A 32‐year‐old West African man with a history of malaria presented to the ER with dizziness, severe fatigue, palpitations, and dyspnea on exertion. On initial assessment, he was found to have sublingual icterus, bounding peripheral pulses, tachycardia, and a loud systolic murmur. Chest x‐ray revealed bilateral hazy lung opacities and laboratory values were notable for hemoglobin (Hgb) 5.5 g/dL, nucleated RBCs 58%, LDH 1084 IU/L, and haptoglobin < 5 mg/dL Blood and urine cultures were negative as were smears for parasites. Direct Coombs' test was positive, and warm IgG autoantibodies were detected. Consequently, the patient was diagnosed with warm autoimmune hemolytic anemia (WAIHA). The patient was initiated on high‐dose prednisone and transfused with 4 units of O‐incompatible pRBCs, which increased Hgb to 9.5 g/dL Subsequent testing revealed HIV‐1 positivity with a CD4 count of 932 cells/μL and a viral load of 145,715 copies/mL. Hepatitis B core antibody and surface antigen were also positive, with a viral load of 667 IU/mL. High‐dose prednisone therapy was supplemented with intravenous immunoglobulins (IVIG) to accelerate long‐term recovery. As an outpatient, the patient was started on emtricitabine‐tenofovir and raltegravir. Two months after diagnosis, he completed steroid treatment with a stable Hgb of 13.8 g/dL and HIV‐1 and HBV viral loads of 29 copies/mL and undetectable, respectively.

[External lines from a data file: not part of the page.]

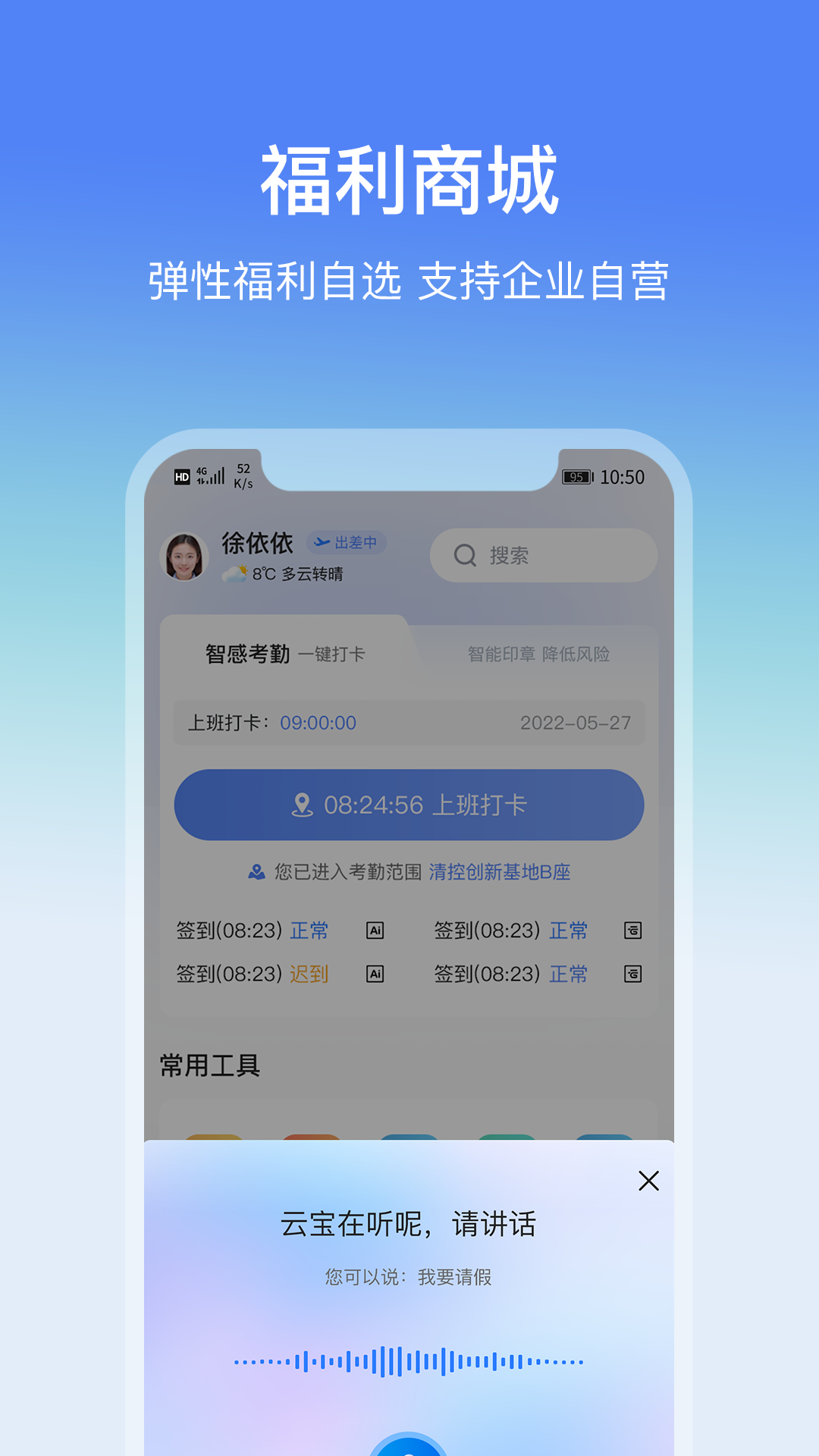 云经理借助AI人工智能、物联网、SaaS、云计算等一系列先进的互联网概念与技术,整合全方位的数字、运营、产品以及技术能力,从而为各业务逻辑提供强有力的支撑。其集成了人力资源、企业管理、个性名片、福利商城等诸多功能,拉近了企业与员工之间的距离,使工作变得更为简单高效。
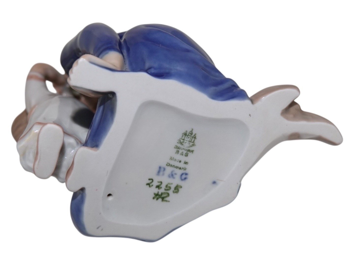 Bing & Grøndahl figur, mor med barn. Af fabriksmærket ses det, at denne er fra mellem 1952 og 1958. Dekorationsnummer 2255. 1. sortering. Længde 12,5 cm., højde 14,0 cm. Perfekt stand uden fejl.
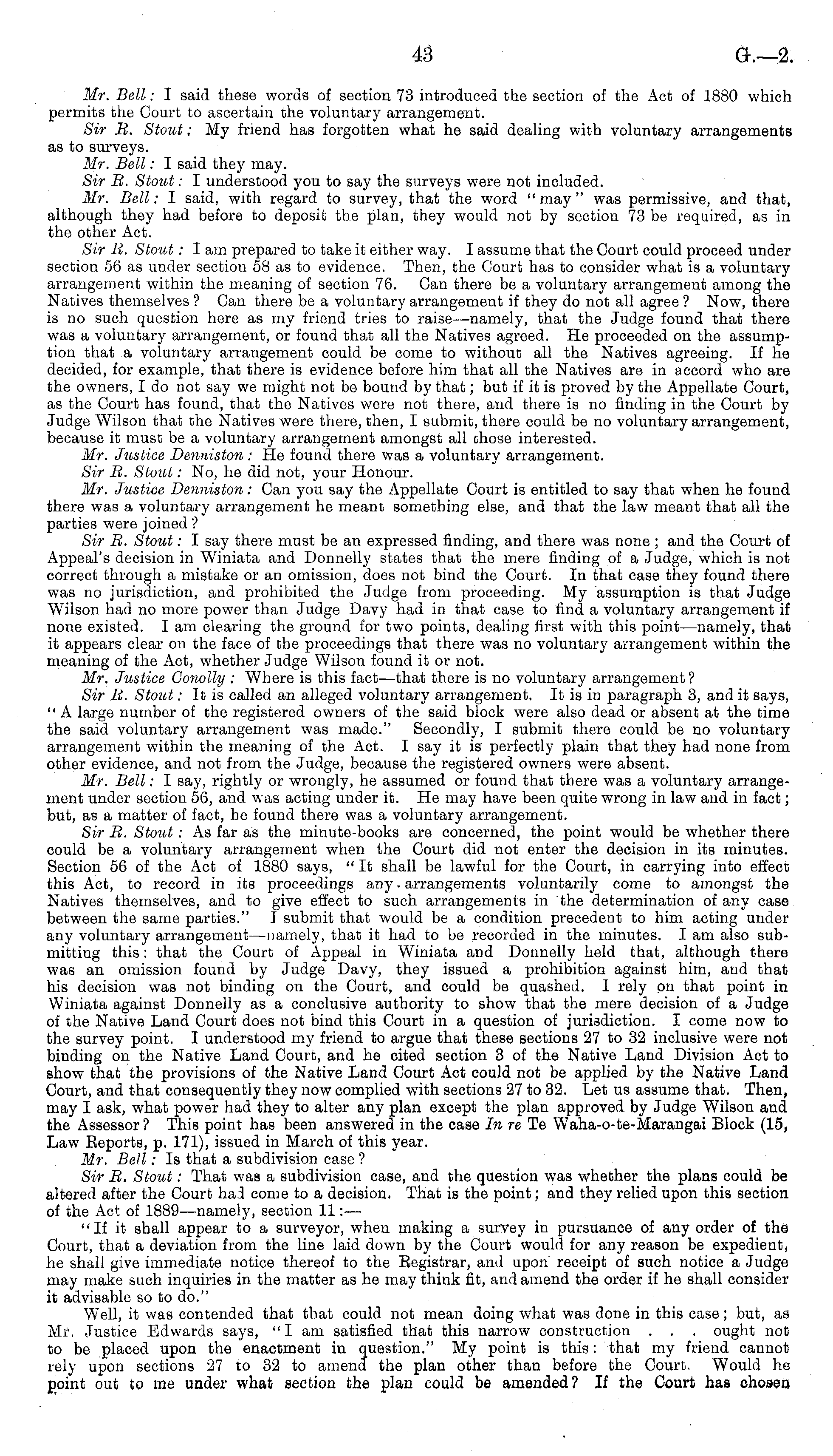 Mr. Bell: I said these words of section 73 introduced the section of the Act of 1880 which permits the Court to ascertain the voluntary arrangement. Sir R. Stout; My friend has forgotten what he said dealing with voluntary arrangements as to surveys. Mr. Bell: I said they may. Sir R. Stout: I understood you to say the surveys were not included. Mr. Bell: I said, with regard to survey, that the word "may" was permissive, and that, although they had before to deposit the plan, they would not by section 73 be required, as in the other Act. Sir B. Stout: lam prepared to take it either way. I assume that the Court could proceed under section 56 as under section 58 as to evidence. Then, the Court has to consider what is a voluntary arrangement within the meaning of section 76. Can there be a voluntary arrangement among the Natives themselves ? Can there be a voluntary arrangement if they do not all agree ? Now, there is no such question here as my friend tries to raise—namely, that the Judge found that there was a voluntary arrangement, or found that all the Natives agreed. He proceeded on the assumption that a voluntary arrangement could be come to without all the Natives agreeing. If he decided, for example, that there is evidence before him that all the Natives are in accord who are the owners, Ido not say we might not be bound by that; but if it is proved by the Appellate Court, as the Court has found, that the Natives were not there, and there is no finding in the Court by Judge Wilson that the Natives were there, then, I submit, there could be no voluntary arrangement, because it must be a voluntary arrangement amongst all chose interested. Mr. Justice Denniston : He found there was a voluntary arrangement. Sir R. Stout: No, he did not, your Honour. Mr. Justice Denniston: Can you say the Appellate Court is entitled to say that when he found there was a voluntary arrangement he meant something else, and that the law meant that all the parties were joined ? Sir B. Stout: I say there must be an expressed finding, and there was none ; and the Court of Appeal's decision in Winiata and Donnelly states that the mere finding of a Judge, which is not correct through a mistake or an omission, does not bind the Court. In that case they found there was no jurisdiction, and prohibited the Judge from proceeding. My assumption is that Judge Wilson had no more power than Judge Davy had in that case to find a voluntary arrangement if none existed. lam clearing the ground for two points, dealing first with this point—namely, that it appears clear on the face of the proceedings that there was no voluntary arrangement within the meaning of the Act, whether Judge Wilson found it or not. Mr. Justice Conolly : Where is this fact—that there is no voluntary arrangement? Sir R. Stout: It is called an alleged voluntary arrangement. It is in paragraph 3, and it says, " A large number of the registered owners of the said block were also dead or absent at the time the said voluntary arrangement was made." Secondly, I submit there could be no voluntary arrangement within the meaning of the Act. I say it is perfectly plain that they had none from other evidence, and not from the Judge, because the registered owners were absent. Mr. Bell: I say, rightly or wrongly, he assumed or found that there was a voluntary arrangement under section 56, and was acting under it. He may have been quite wrong in law and in fact; but, as a matter of fact, he found there was a voluntary arrangement. Sir R. Stout: As far as the minute-books are concerned, the point would be whether there could be a voluntary arrangement when the Court did not enter the decision in its minutes. Section 56 of the Act of 1880 says, "It shall be lawful for the Court, in carrying into effect this Act, to record in its proceedings any - arrangements voluntarily come to amongst the Natives themselves, and to give effect to such arrangements in the determination of any case between the same parties." T submit that would be a condition precedent to him acting under any voluntary arrangement —namely, that it had to be recorded in the minutes. lam also submitting this: that the Court of Appeal in Winiata and Donnelly held that, although there was an omission found by Judge Davy, they issued a prohibition against him, and that his decision was not binding on the Court, and could be quashed. I rely on that point in Winiata against Donnelly as a conclusive authority to show that the mere decision of a Judge of the Native Land Court does not bind this Court in a question of jurisdiction. I come now to the survey point. I understood my friend to argue that these sections 27 to 32 inclusive were not binding on the Native Land Court, and he cited section 3 of the Native Land Division Act to show that the provisions of the Native Land Court Act could not be applied by the Native Land Court, and that consequently they now complied with sections 27 to 32. Let us assume that. Then, may I ask, what power had they to alter any plan except the plan approved by Judge Wilson and the Assessor? This point has been answered in the case In re Te Waha-o-te-Marangai Block (15, Law Eeports, p. 171), issued in March of this year. Mr. Bell: Is that a subdivision case ? Sir R. Stout: That was a subdivision case, and the question was whether the plans could be altered after the Court had come to a decision. That is the point; and they relied upon this section of the Act of 1889 —namely, section 11: —■ "If it shall appear to a surveyor, when making a survey in pursuance of any order of the Court, that a deviation from the line laid down by the Court would for any reason be expedient, he shall give immediate notice thereof to the Eegistrar, and upon' receipt of such notice a Judge may make such inquiries in the matter as he may think fit, and amend the order if he shall consider it advisable so to do." Well, it was contended that that could not mean doing what was done in this cas

HIV usually presents acutely with a mononucleosis‐like retroviral syndrome or with opportunistic infections characteristic of AIDS. In this patient, HIV‐1 infection presented with WAIHA in what would have normally been the clinically latent stage of disease. HIV‐1 infection, known to cause immune deregulation, has been linked to many hypergammaglobulinemia‐associated autoimmune phenomena, the most common being SLE, ITP, and APLS. Clinically overt WAIHA, however, is an exceedingly rare presentation. WAIHA is a rare autoimmune disorder characterized by auto‐antibody‐mediated lysis of RBCs in circulation. Clinical symptoms result from the acute anemia and the compensatory hyperdynamic state. It is most commonly idiopathic, but can be precipitated by autoimmune diseases, lymphoid cancers, certain drugs, alloreactions, and viral infections — as in this case. Short‐term morbidity and mortality usually results from pulmonary edema, myocardial infarction, or fatal arrhythmias. First‐line therapy is high‐dose corticosteroids tapered over weeks to months, but additional salvage therapies include splenectomy and immunomodulatory agents such as azathioprine, rituximab, or IVIG.
Hospitalists should be aware of known risk factors for developing WAIHA for appropriate identification of codiagnoses. Severe cases of WAIHA can be lethal and should be managed aggressively with a blood bank worker as a liaison. HIV‐1‐induced immune deregulation can precipitate a wide variety of autoimmune phenomena.